● **WORK ORDER**: Beginning with the line that includes "Zwischen Hauptgipfel und", return every remaining line of the material exactly as it reads, but not the pictures.

● **SUPPLIED MATERIAL**:
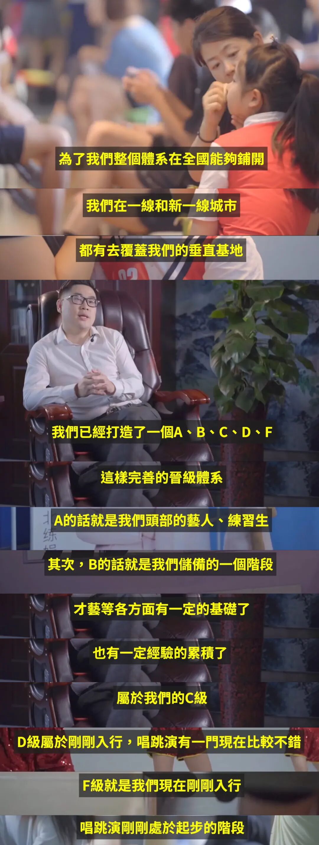 “BBC NEWS中文”2019年发布的新闻短片《如何打造一名中国偶像》截图,短片主角是一名当了三年训练生的12岁少女。图为某娱乐公司华北区总裁谈论训练生培养体系。与本文无关,仅为展示。
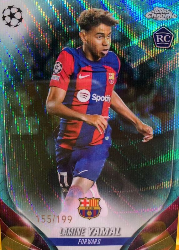 The Lamine Yamal 2023 Topps Chrome UEFA Club Competitions #64 Aqua Wave Refractor /199 Rookie card in Raw condition has not changed in price in the last 30 days and was last sold for $208.00 .
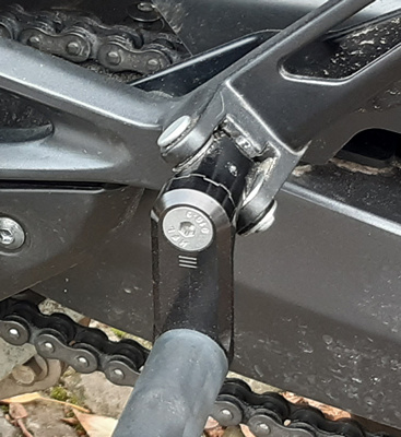 Diese ideale Stellung des Federbeins ist mit einer - und nur einer - ganz bestimmten Fahrzeughöhe verknüpft. Der leichte Fahrer federt nur wenig ein, also muß vielleicht, um die ideale Stellung des Federbeins zu erreichen, die Fahrzeughöhe heruntergestellt werden. Steigt dann der Beifahrer auf, geht das Fahrzeug in die Knie - die Fahrzeughöhe hat sich durch das Gewicht des Beifahrers verringert, sie ist jetzt zu klein, und das Federbein ist nicht mehr in seiner idealen Stellung. Abhilfe: Das Fahrzeug muß höher gestellt werden, bis das Federbein wieder seine ideale Stellung erreicht hat.
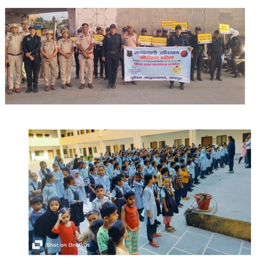जयपुर, 4 अक्टूबर । महिलाओं/ बालिकाओं के साथ होने वाली छेड़छाड़, छींटाकशी आदि की घटनाओं की प्रभावी रोकथाम हेतु पुलिस मुख्यालय राजस्थान जयपुर द्वारा चलाये जा रहे जन जागरूकता अभियान ऑपरेशन गरिमा के विषय में पुलिस आयुक्त बीजू जॉर्ज जोसफ ने बताया कि अतिरिक्त पुलिस आयुक्त योगेश दाधीच के निर्देशन में उक्त अभियान के तहत महिलाओं व बालिकाओं की सुरक्षा के लिए आयुक्तालय जयपुर में महिला सुरक्षा जन-जागरूकता के लिये निर्भया स्क्वॉड द्वारा अभियान चलाकर महिलाओं और बालिकाओं से सम्बन्धित पोस्टर, फ्लैक्स बैनर आदि के माध्यम से महिलाओं और बालिकाओं को जागरूक किया गया ।
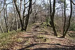 Zwischen Hauptgipfel und Schanzenkopf liegen am rechten Hang des engen Krebsbachtals die Burgställe der Randenburg und der Vergessenen Burg. Auf der gegenüberliegenden Bachseite, am Gipfel des Schanzenkopfes, befindet sich eine historische Ringwallanlage.
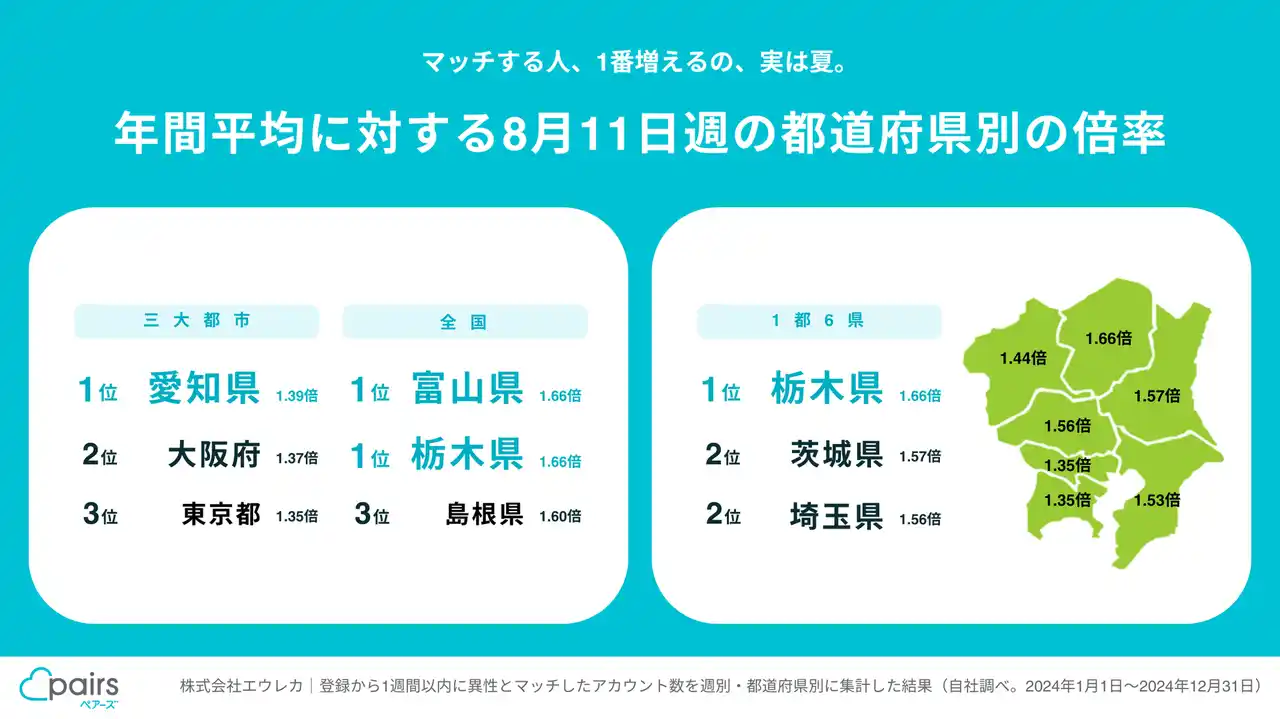 また首都圏にフォーカスすると前述の栃木県の他、茨城県が1.57倍、埼玉県が1.56倍、千葉県が1.53倍、群馬県が1.44倍と高い倍率を記録し、1.35倍の東京都と神奈川県を引き離す結果となっています。お盆の休暇期間にお相手を探す余暇時間が増加している人や、帰省時に居住地の設定を変更している人等の影響と考えられ、今年の夏も新たな出会いの機会が生まれることをペアーズも願っています。 |
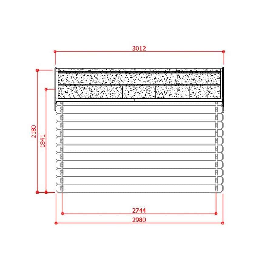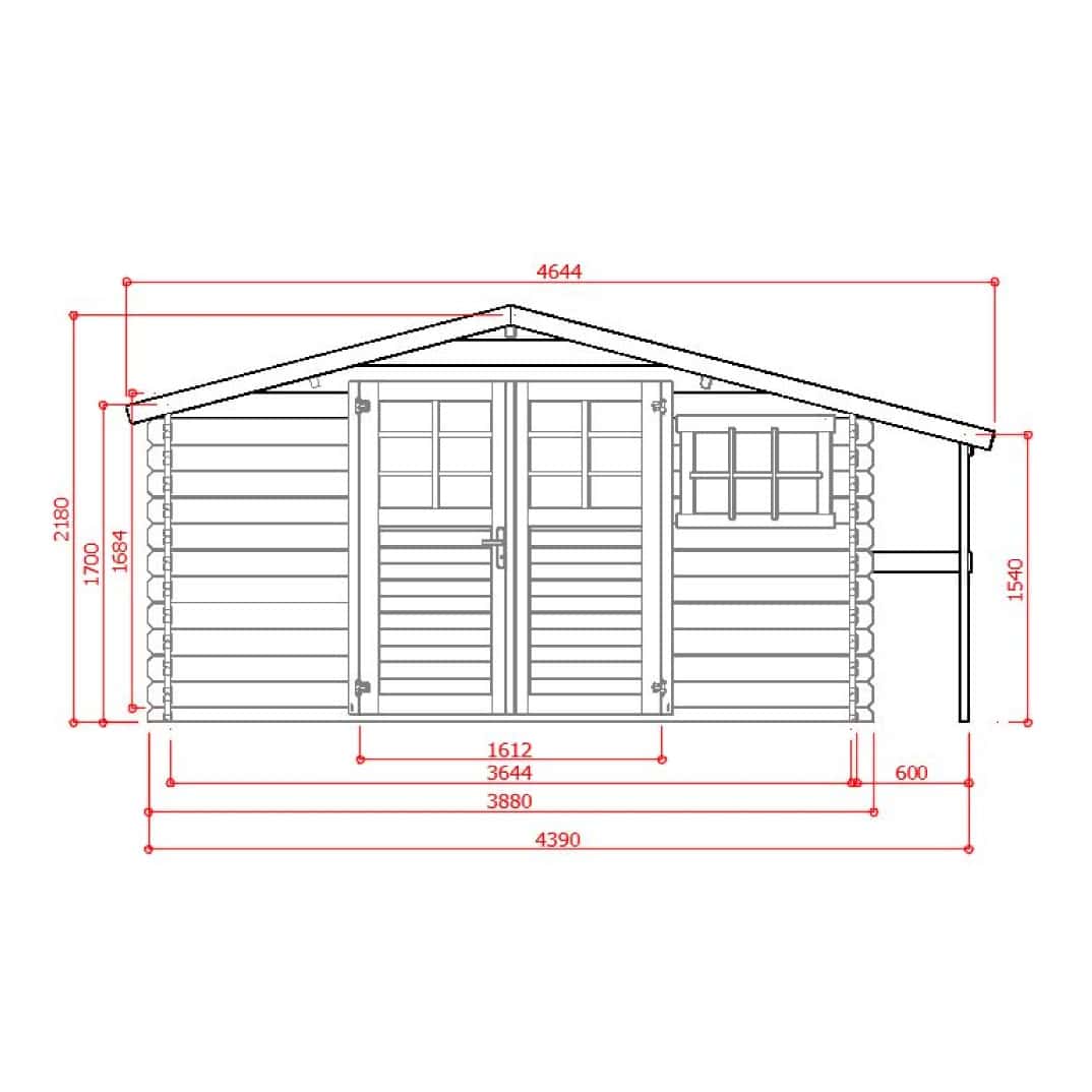 - Dimensioni esterne – tetto escluso: 439 x 298 x 170 h cm

● **WRITTEN REPLY**:
 Zwischen Hauptgipfel und Schanzenkopf liegen am rechten Hang des engen Krebsbachtals die Burgställe der Randenburg und der Vergessenen Burg. Auf der gegenüberliegenden Bachseite, am Gipfel des Schanzenkopfes, befindet sich eine historische Ringwallanlage.
 また首都圏にフォーカスすると前述の栃木県の他、茨城県が1.57倍、埼玉県が1.56倍、千葉県が1.53倍、群馬県が1.44倍と高い倍率を記録し、1.35倍の東京都と神奈川県を引き離す結果となっています。お盆の休暇期間にお相手を探す余暇時間が増加している人や、帰省時に居住地の設定を変更している人等の影響と考えられ、今年の夏も新たな出会いの機会が生まれることをペアーズも願っています。 |
 - Dimensioni esterne – tetto escluso: 439 x 298 x 170 h cm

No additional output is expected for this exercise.